> [What the task asks]
Verbatim copy, images excluded: write out each record shown below.
··· Task input
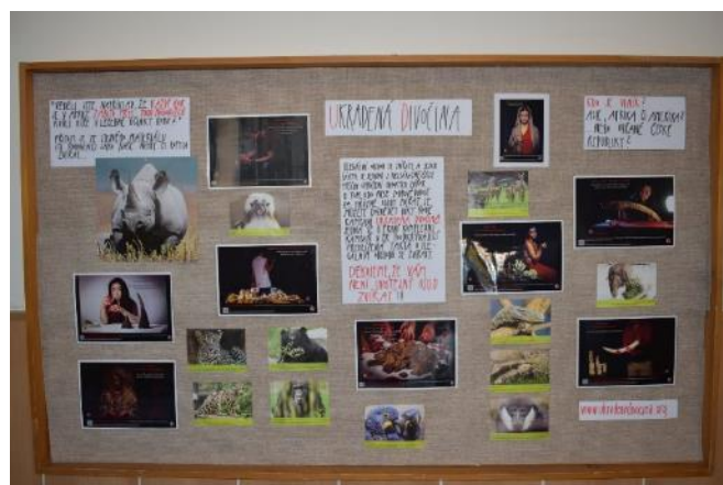
Stolen Wildlife in the Dobrá Elementary School

The entire second series of SW photographs will be launched in early 2020 in cooperation with several other major Czech and foreign organizations (such as Prague Zoo, Safari Park Dvůr Králové, TRAFFIC, WildAid and others). As with the first series of photographs, all the specimens or parts of animals in the photographs of the second series, such as tiger bones, corals, bear bile, poisoned birds, etc., were seized by the control authorities in the Czech Republic. Photo panels of the second series will also be provided free of charge to everyone interested in printing and exhibiting at their institution. The first preview of the 2nd series of SW photographs was published on the occasion of the International Vulture Awareness Day (7.9.), because the new series is aimed, among other things, at threats to the world populations of vultures and their poisonings. The motto of this first photograph is “DEATH HIDDEN IN THE BAIT”. On the topic of vulture poisoning, the SW campaign collaborates with the globally recognized Vulture Conservation Foundation (VCF).
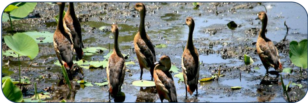
Figure 26: Lesser whistling duck
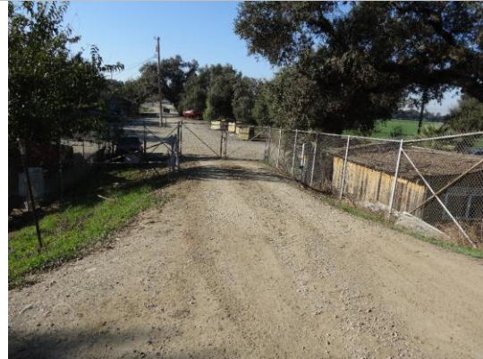
View of LS.
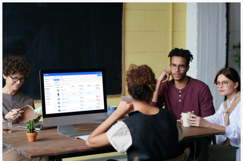
Espoir Autisme Corse Employees Using the Inventory Management App Timly on a Laptop and a Tablet

Most organizations face challenges with their asset management, and nonprofits are no exception. Without an adequate solution, daily operations are bogged down by inefficient processes, delays, and misplaced equipment.
······
> [Response to this exercise]
Stolen Wildlife in the Dobrá Elementary School

The entire second series of SW photographs will be launched in early 2020 in cooperation with several other major Czech and foreign organizations (such as Prague Zoo, Safari Park Dvůr Králové, TRAFFIC, WildAid and others). As with the first series of photographs, all the specimens or parts of animals in the photographs of the second series, such as tiger bones, corals, bear bile, poisoned birds, etc., were seized by the control authorities in the Czech Republic. Photo panels of the second series will also be provided free of charge to everyone interested in printing and exhibiting at their institution. The first preview of the 2nd series of SW photographs was published on the occasion of the International Vulture Awareness Day (7.9.), because the new series is aimed, among other things, at threats to the world populations of vultures and their poisonings. The motto of this first photograph is “DEATH HIDDEN IN THE BAIT”. On the topic of vulture poisoning, the SW campaign collaborates with the globally recognized Vulture Conservation Foundation (VCF).
Figure 26: Lesser whistling duck
View of LS.
Espoir Autisme Corse Employees Using the Inventory Management App Timly on a Laptop and a Tablet

Most organizations face challenges with their asset management, and nonprofits are no exception. Without an adequate solution, daily operations are bogged down by inefficient processes, delays, and misplaced equipment.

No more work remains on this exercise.